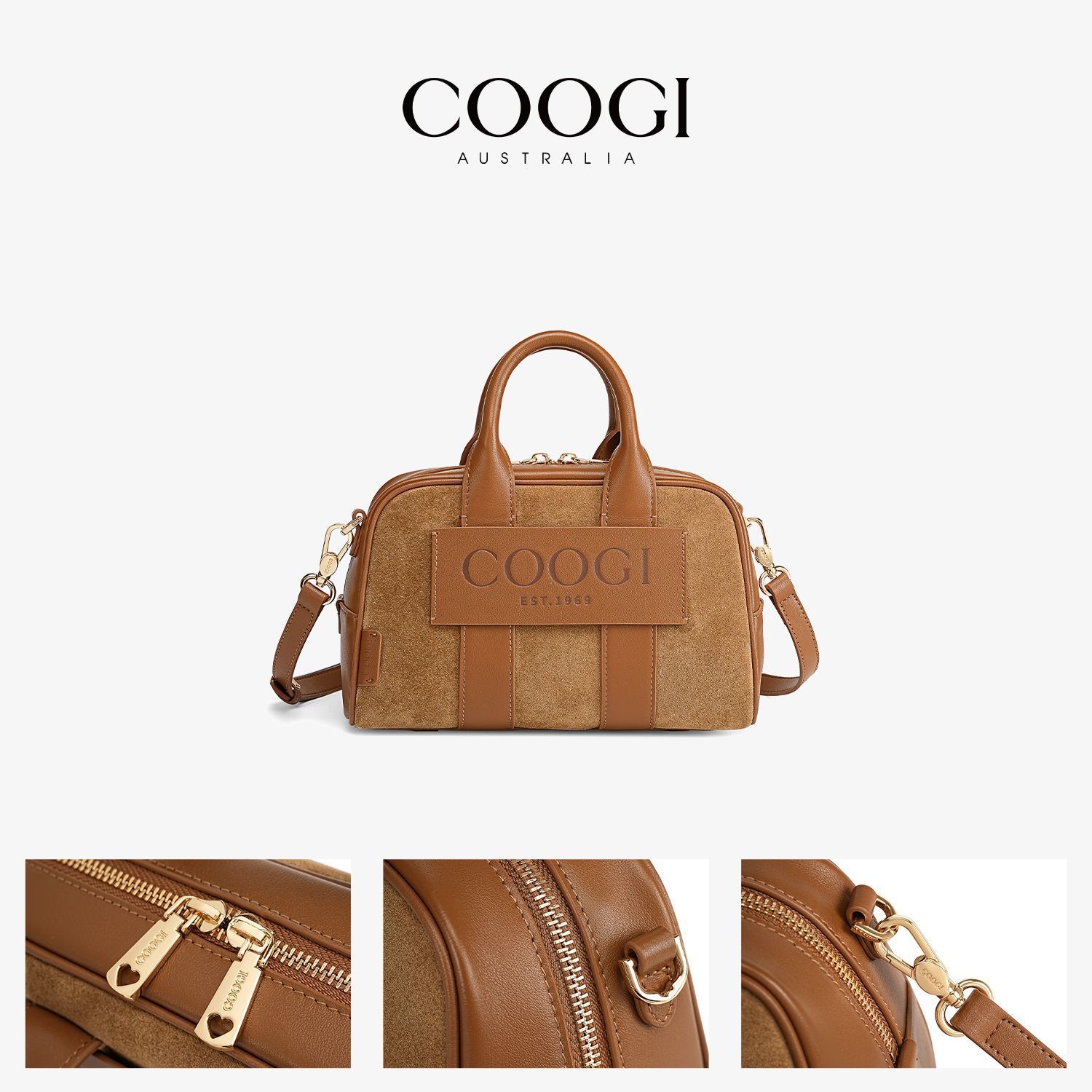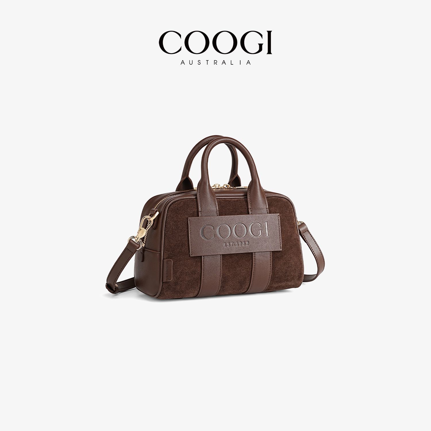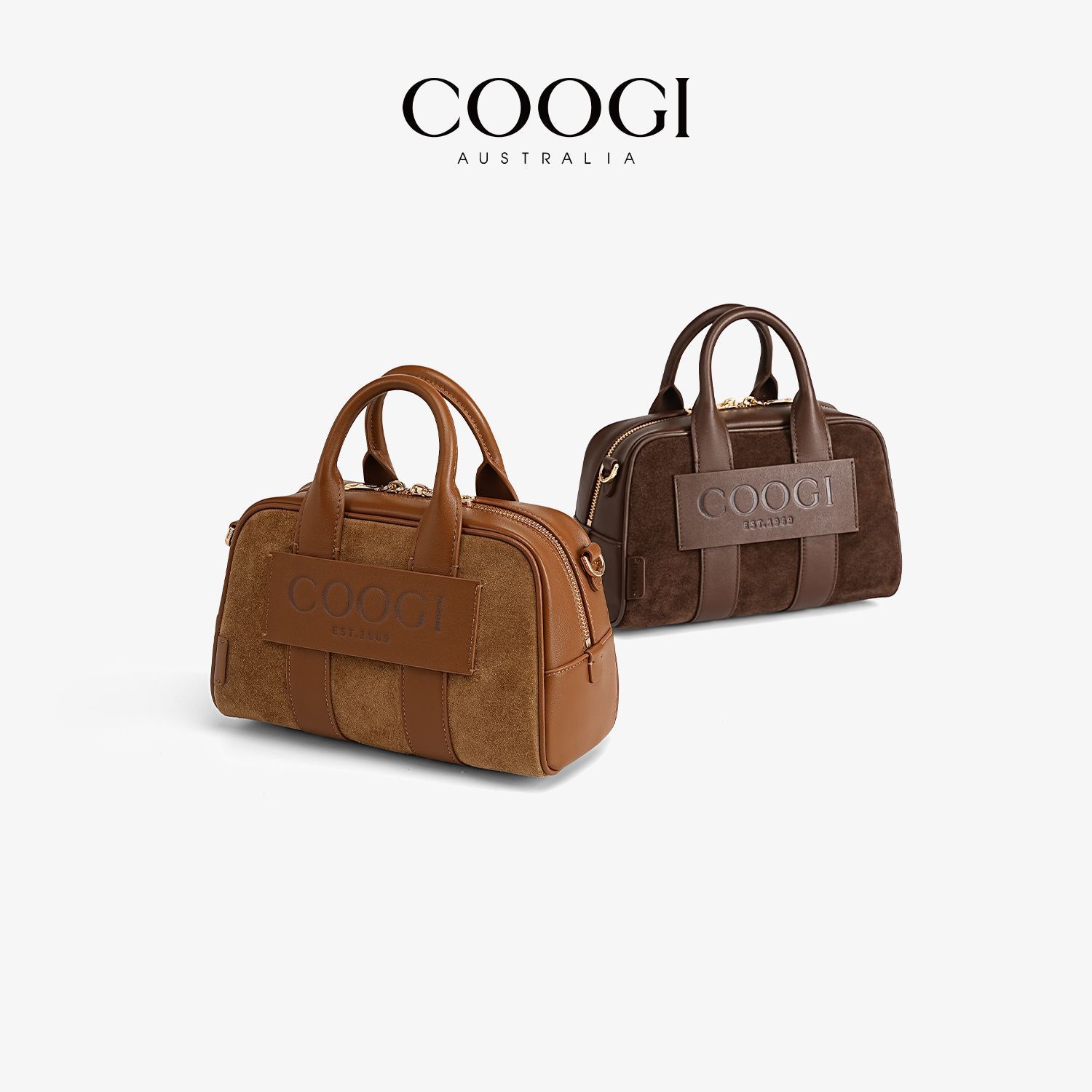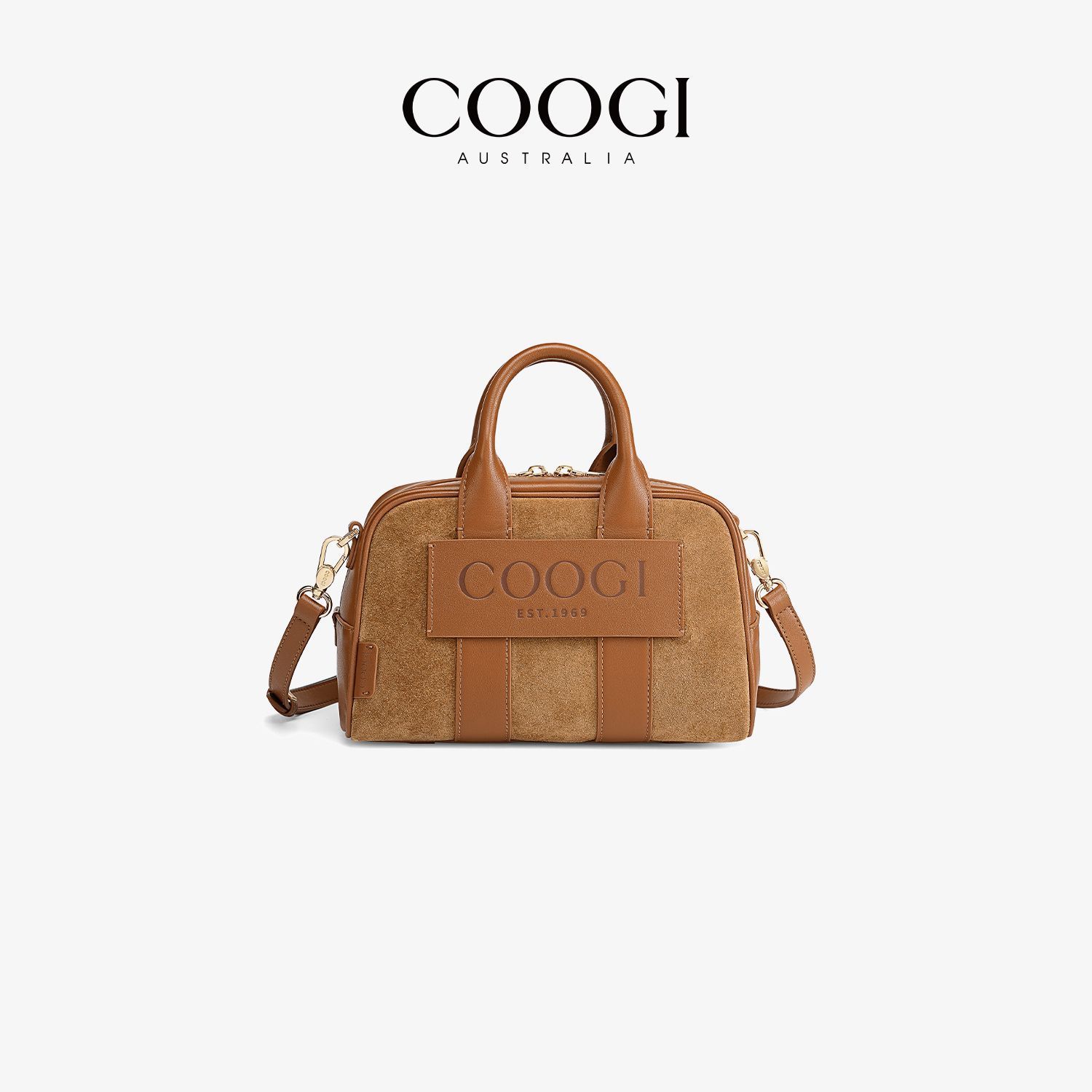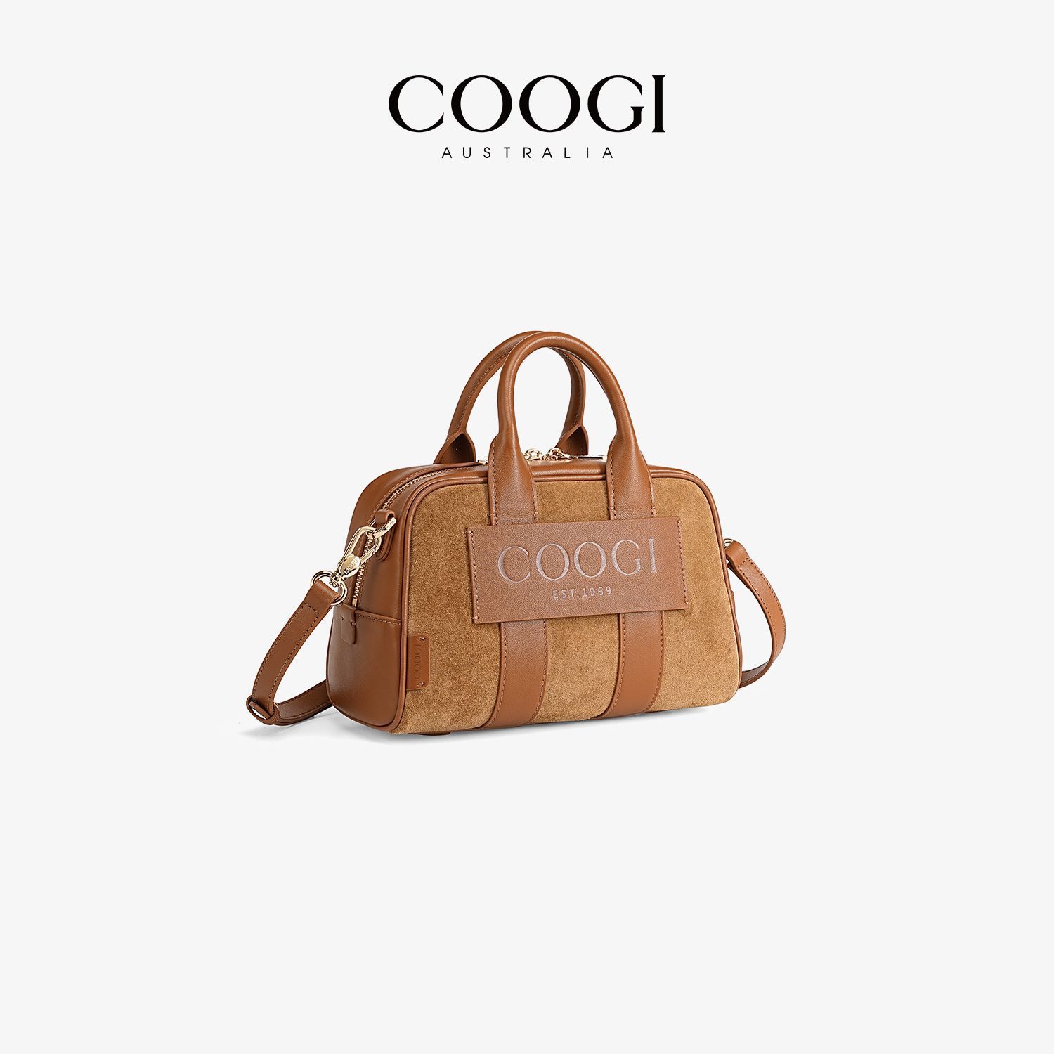 COOGI輕奢女包新款輕奢真皮手提包波士頓包保齡球包 單肩斜挎包
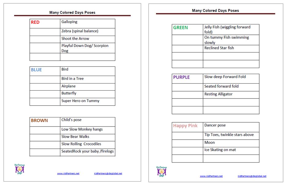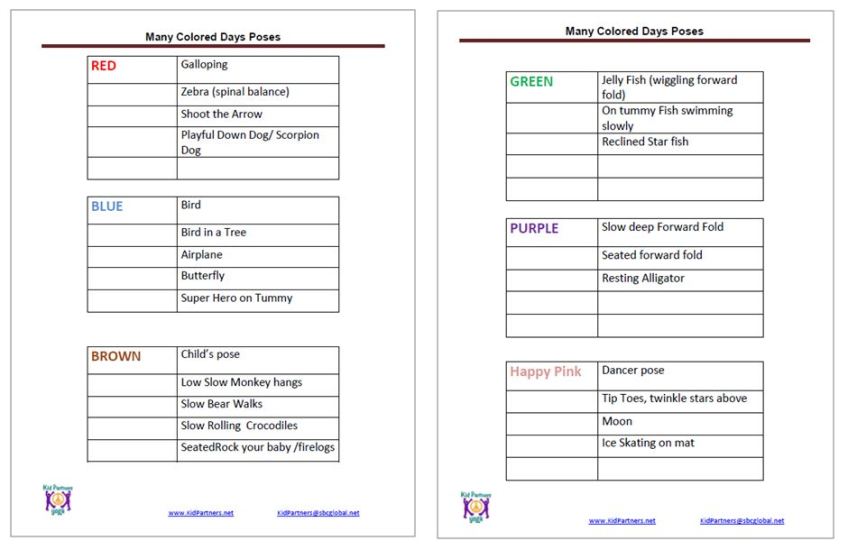 My Many Colored Days – pose ideas printable from Kid Partners, Inc
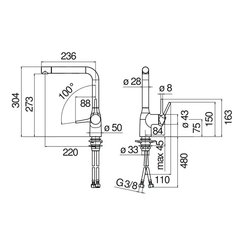 ¡Introduce tu código postal y consulta los servicios disponibles! El grifo Poalgi Nobili CU128113GTP Ambar Cepillado es la combinación perfecta de diseño elegante y funcionalidad avanzada para tu cocina. Con una altura de 304 mm y un caño giratorio personalizable hasta 180° (y adaptable a 120° o 360°), este monomando para encimera presenta una versatilidad sin igual que se ajusta a tus necesidades diarias, ya sea para cocinar o limpiar. Además, su acabado en ámbar cepillado aporta un toque de sofisticación que hará que cualquier cocina brille con estilo. Este grifo no solo es bello, también está diseñado pensando en el ahorro de recursos y el confort. Equipado con un aireador anticalcáreo y un cartucho de doble posición con limitador de caudal al 50%, contribuye al ahorro de agua sin sacrificar el rendimiento. La altura de la caída del agua, a 273 mm, garantiza un flujo cómodo y controlado para cualquier tarea. Gracias a sus flexibles inox de conexión ø 3/8, la instalación del grifo es r
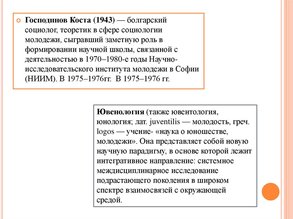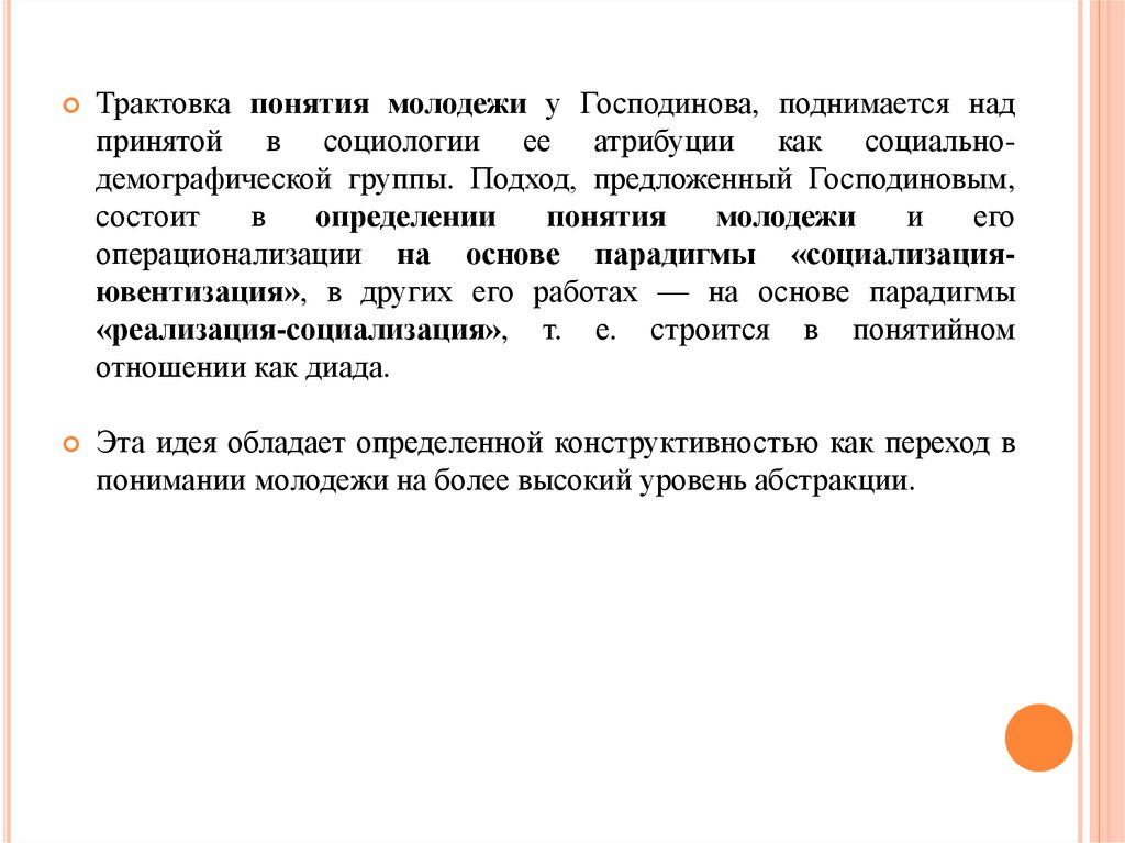 Трактовка понятия молодежи у Господинова, поднимается надпринятой в социологии ее атрибуции как социальнодемографической группы. Подход, предложенный Господиновым,
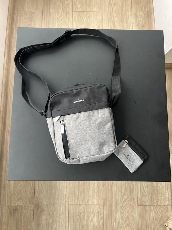 Продам практичний комплект: функціональна сумка через плече (месенджер) та компактний гаманець від відомого французького бренду Daniel Hechter. Стриманий двоколірний дизайн у сіро-чорних тонах ідеально підійде для повсякденного використання. В ідеальному стані

____

ABOUT THIS TASK —
From the first line to the last, repeat the records above exactly, leaving out the pictures.

ANSWER TO THIS TASK —
 COOGI輕奢女包新款輕奢真皮手提包波士頓包保齡球包 單肩斜挎包
 My Many Colored Days – pose ideas printable from Kid Partners, Inc
 ¡Introduce tu código postal y consulta los servicios disponibles! El grifo Poalgi Nobili CU128113GTP Ambar Cepillado es la combinación perfecta de diseño elegante y funcionalidad avanzada para tu cocina. Con una altura de 304 mm y un caño giratorio personalizable hasta 180° (y adaptable a 120° o 360°), este monomando para encimera presenta una versatilidad sin igual que se ajusta a tus necesidades diarias, ya sea para cocinar o limpiar. Además, su acabado en ámbar cepillado aporta un toque de sofisticación que hará que cualquier cocina brille con estilo. Este grifo no solo es bello, también está diseñado pensando en el ahorro de recursos y el confort. Equipado con un aireador anticalcáreo y un cartucho de doble posición con limitador de caudal al 50%, contribuye al ahorro de agua sin sacrificar el rendimiento. La altura de la caída del agua, a 273 mm, garantiza un flujo cómodo y controlado para cualquier tarea. Gracias a sus flexibles inox de conexión ø 3/8, la instalación del grifo es r
 Трактовка понятия молодежи у Господинова, поднимается надпринятой в социологии ее атрибуции как социальнодемографической группы. Подход, предложенный Господиновым,
 Продам практичний комплект: функціональна сумка через плече (месенджер) та компактний гаманець від відомого французького бренду Daniel Hechter. Стриманий двоколірний дизайн у сіро-чорних тонах ідеально підійде для повсякденного використання. В ідеальному стані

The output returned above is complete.